Sustainable Fisheries Act of 1996
- Long title: An Act to amend the Magnuson Fishery Conservation and Management Act to authorize appropriations, to provide for sustainable fisheries, and for other purposes.
- Acronyms (colloquial): SFA; FFA;
- Nicknames: Fisheries Financing Act
- Enacted by: the 104th United States Congress
- Effective: October 11, 1996

Citations
- Public law: 104-297
- Statutes at Large: 110 Stat. 3559

Codification
- Titles amended: 16 U.S.C.: Conservation
- U.S.C. sections amended: 16 U.S.C. ch. 38, subch. II § 1812; 16 U.S.C. ch. 38, subch. III §§ 1821, 1822, 1823, 1824, 1826; 16 U.S.C. ch. 38, subch. IV §§ 1851, 1852, 1853, 1854, 1855, 1856, 1857, 1858, 1860, 1861, 1861a, 1862, 1863; 16 U.S.C. ch. 38, subch. V §§ 1881, 1881a, 1881b, 1881c, 1881d, 1882, 1883;

Legislative history
- Introduced in the Senate as S. 39 by Ted Stevens (R–AK) on January 4, 1995; Committee consideration by Senate Commerce, Science, and Transportation, House Resources; Passed the Senate on September 19, 1996 (Roll call vote 295, via Senate.gov 100-0); Passed the House on September 27, 1996 (Roll call vote 448, via Clerk.House.gov 384-30); Signed into law by President Bill Clinton on October 11, 1996;

= Sustainable Fisheries Act of 1996 =

1996 law strengthening U.S. fishery conservation, habitat protection, and bycatch limits

The Sustainable Fisheries Act of 1996 is an amendment to the Magnuson-Stevens Fishery Conservation and Management Act, a law governing the management of marine fisheries in the United States.
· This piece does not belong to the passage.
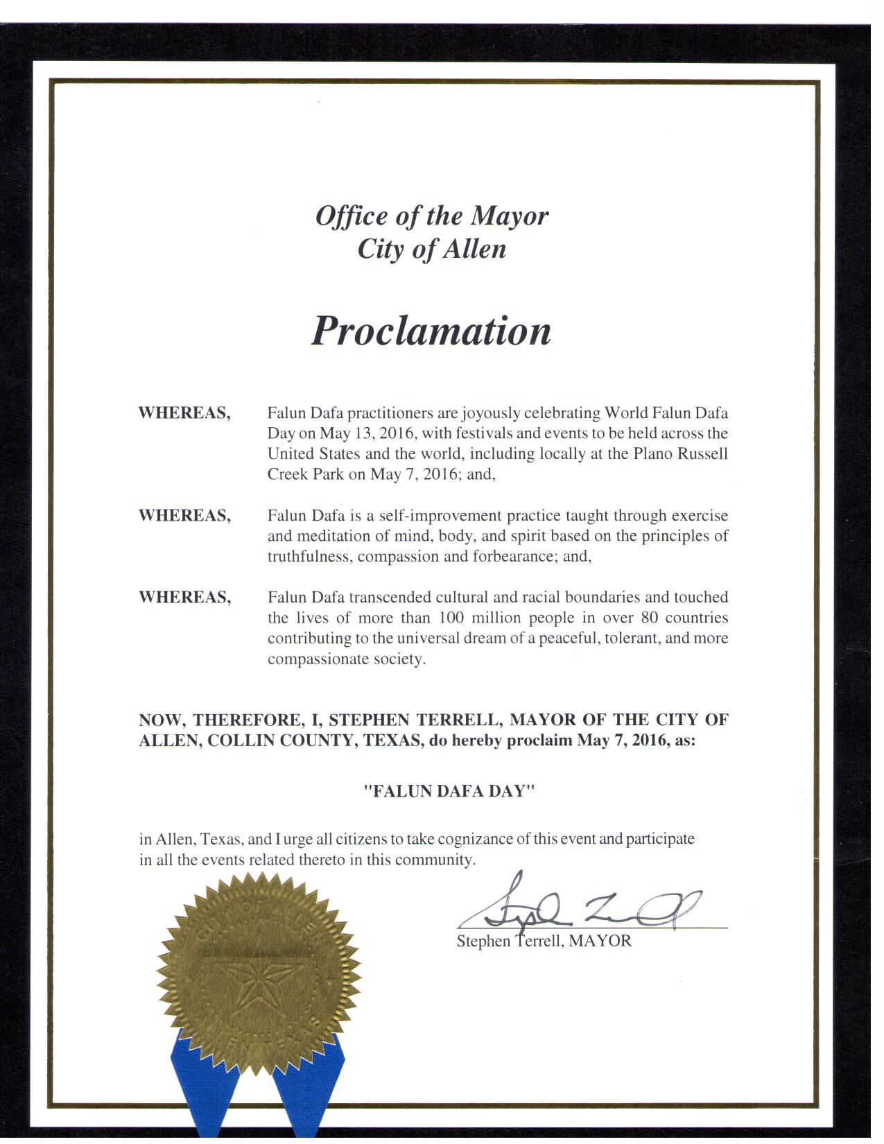 译文: 鉴于,法轮大法,又称法轮功,源于古老中国文化,是以宇宙特性“真、善、忍”为原则的一个平和、自我提高的功法,它由五套功法组成,包括打坐; 鉴于,法轮大法创始人李洪志先生,已经帮助全世界上亿的人改善了身体的健康,提高了道德,同时,通过修炼法轮大法,使他们加深了对生命、人生、以及宇宙的认识; 鉴于,法轮大法超越文化和种族的界限,在全世界八十多个国家吸引了上亿人们修炼法轮功。在美国越来越多的人们通过学炼法轮功,使他们心灵得到纯净,身体健康,并为社区道德的回升起着积极的作用; 鉴于,法轮大法一九九二年在中国传出,一九九六年法轮大法洪传到北德克萨斯州。从那以后,在的许多图书馆、公园举办了许多期免费法轮大法教功班。法轮大法修炼者参加了许多社区活动; 鉴于,面对中共的残酷迫害,法轮大法学员展现出的对“真、善、忍”的坚定,向全世界展示了生命的价值和人格的尊严; 鉴于,达拉斯-沃思堡地区法轮大法学员五月七日在布兰诺市Russell Creek公园庆祝世界法轮大法日; 鉴此,我,杰夫·威廉穆斯(Jeff Williams),德州阿灵顿市市长代表市议会,宣布二零一六年五月七日为“法轮大法日” 艾伦市(City of Allen) 宣布法轮大法日  图3:艾伦市市长宣布法轮大法日的褒奖令 |

Another major amendment to this legislation was later made under the Magnuson-Stevens Fishery Conservation and Management Reauthorization Act of 2006. The SFA was enacted to amend the outdated MSFCMA of 1976. The amendment included changes to the purpose of the act, definitions, and international affairs, as well as many small changes.

The U.S. Senate bill S. 39 was passed by the 104th United States Congressional session and enacted into law by the 42nd President of the United States Bill Clinton on October 11, 1996.

==Purpose==
There were several major changes to the purpose of the law:
1. Prohibiting fisheries managers from using social, economic, or any other justifications to allow catch targets to exceed a calculated "maximum sustainable yield."
2. Mandating that for each managed species, fisheries managers quantitatively define "overfishing" (certain specified maximum allowed rates of fishing mortality) and "overfished" (depletion below a certain population level).
3. Mandating regular assessment of which fish populations that are overfished, and creating an official list of overfished species in U.S. waters.
4. Mandating that for overfished species, plans must be enacted allowing them to recover to quantitatively specified target population levels (usually about one-third of the estimated pre-fishing population) within ten years (with certain exceptions).
5. Adding that catches of unintended species or unmarketable fish be reduced, to the extent practicable.
6. Adding the promotion of protection of "Essential Fish Habitat."
7. Adding the promotion of catch and release programs to conservation and management principles.

==Definitions==
The following terms which became relevant in the twenty years following the original act were added:
- bycatch
- charter fishing
- commercial fishing
- economic discards
- essential fish habitat
- fishing community
- individual fishing quota
- optimum yield
- overfishing (overfished)
- Pacific Insular Area
- recreational fishing
- regulatory discards
- special areas
- vessel subject to the jurisdiction of the United States

==International affairs==
Besides establishing the Pacific Insular Area fishery agreement regulations, the SFA directs the Secretary of State to "seek to secure an international agreement to establish standards and measures for bycatch reduction that are comparable to the standards and measures applicable to United States fishermen."